▶ Directions: An exact copy is needed of the lines from the one that contains "فهذان الحديثان وما" through the final line of the data below, with pictures left out.

▶ Dataset content:
________________
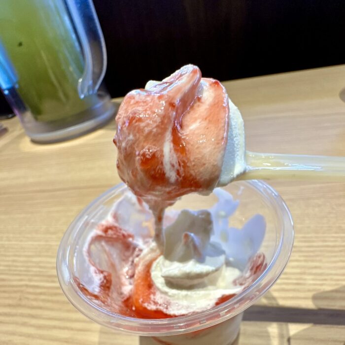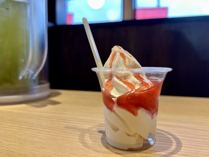 食後は焼肉きんぐでもおなじみスィーツ、「カップソフト(いちご) ¥107」で〆もばっちり
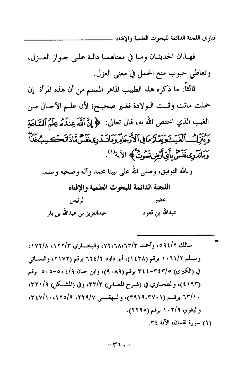 فهذان الحديثان وما في معناهما دالة على جواز العزل، وتعاطي حبوب منع الحمل في معنى العزل. ثالثا: ما ذكره هذا الطبيب الماهر المسلم من أن هذه المرأة إن حملت ماتت وقت الولادة فغير صحيح؛ لأن علم الآجال من الغيب الذي اختص الله به، قال تعالى: {إِنَّ اللَّهَ عِنْدَهُ عِلْمُ السَّاعَةِ وَيُنَزِّلُ الْغَيْثَ وَيَعْلَمُ مَا فِي الْأَرْحَامِ وَمَا تَدْرِي نَفْسٌ مَاذَا تَكْسِبُ غَدًا وَمَا تَدْرِي نَفْسٌ بِأَيِّ أَرْضٍ تَمُوتُ} (¬1) وبالله التوفيق، وصلى الله على نبينا محمد وآله وصحبه وسلم.
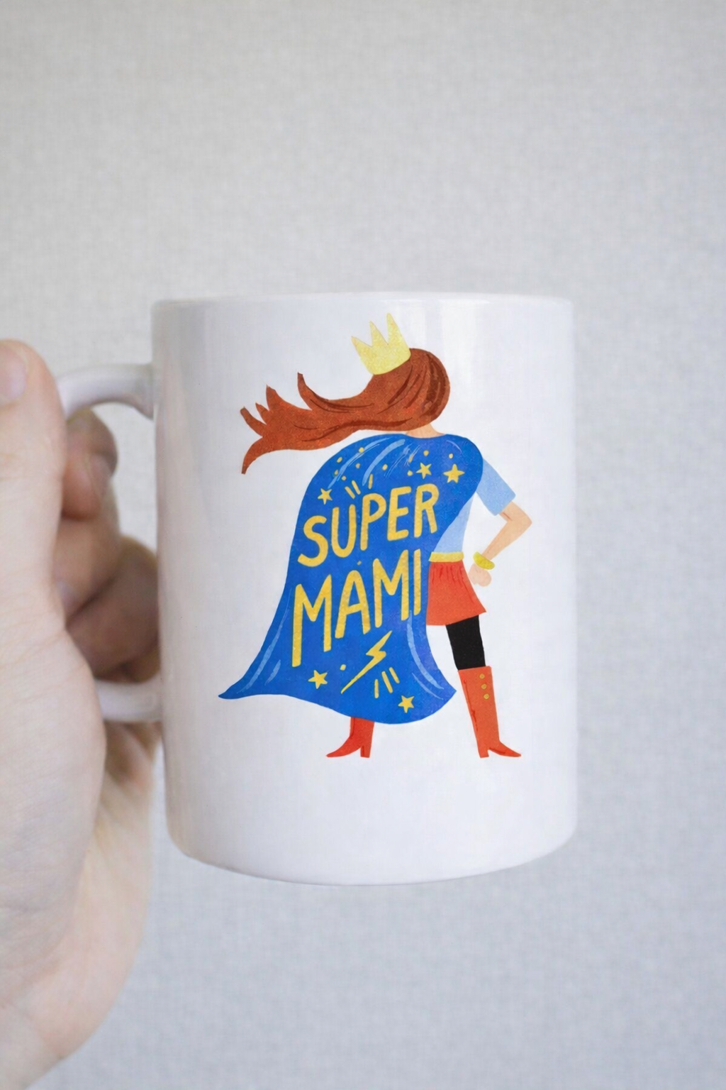 Skodelica bele barve z potiskom in prostornino 325ml. Primerna za pranje v pomivalnem stroju.
________________
▶ Worked solution:
 فهذان الحديثان وما في معناهما دالة على جواز العزل، وتعاطي حبوب منع الحمل في معنى العزل. ثالثا: ما ذكره هذا الطبيب الماهر المسلم من أن هذه المرأة إن حملت ماتت وقت الولادة فغير صحيح؛ لأن علم الآجال من الغيب الذي اختص الله به، قال تعالى: {إِنَّ اللَّهَ عِنْدَهُ عِلْمُ السَّاعَةِ وَيُنَزِّلُ الْغَيْثَ وَيَعْلَمُ مَا فِي الْأَرْحَامِ وَمَا تَدْرِي نَفْسٌ مَاذَا تَكْسِبُ غَدًا وَمَا تَدْرِي نَفْسٌ بِأَيِّ أَرْضٍ تَمُوتُ} (¬1) وبالله التوفيق، وصلى الله على نبينا محمد وآله وصحبه وسلم.
 Skodelica bele barve z potiskom in prostornino 325ml. Primerna za pranje v pomivalnem stroju.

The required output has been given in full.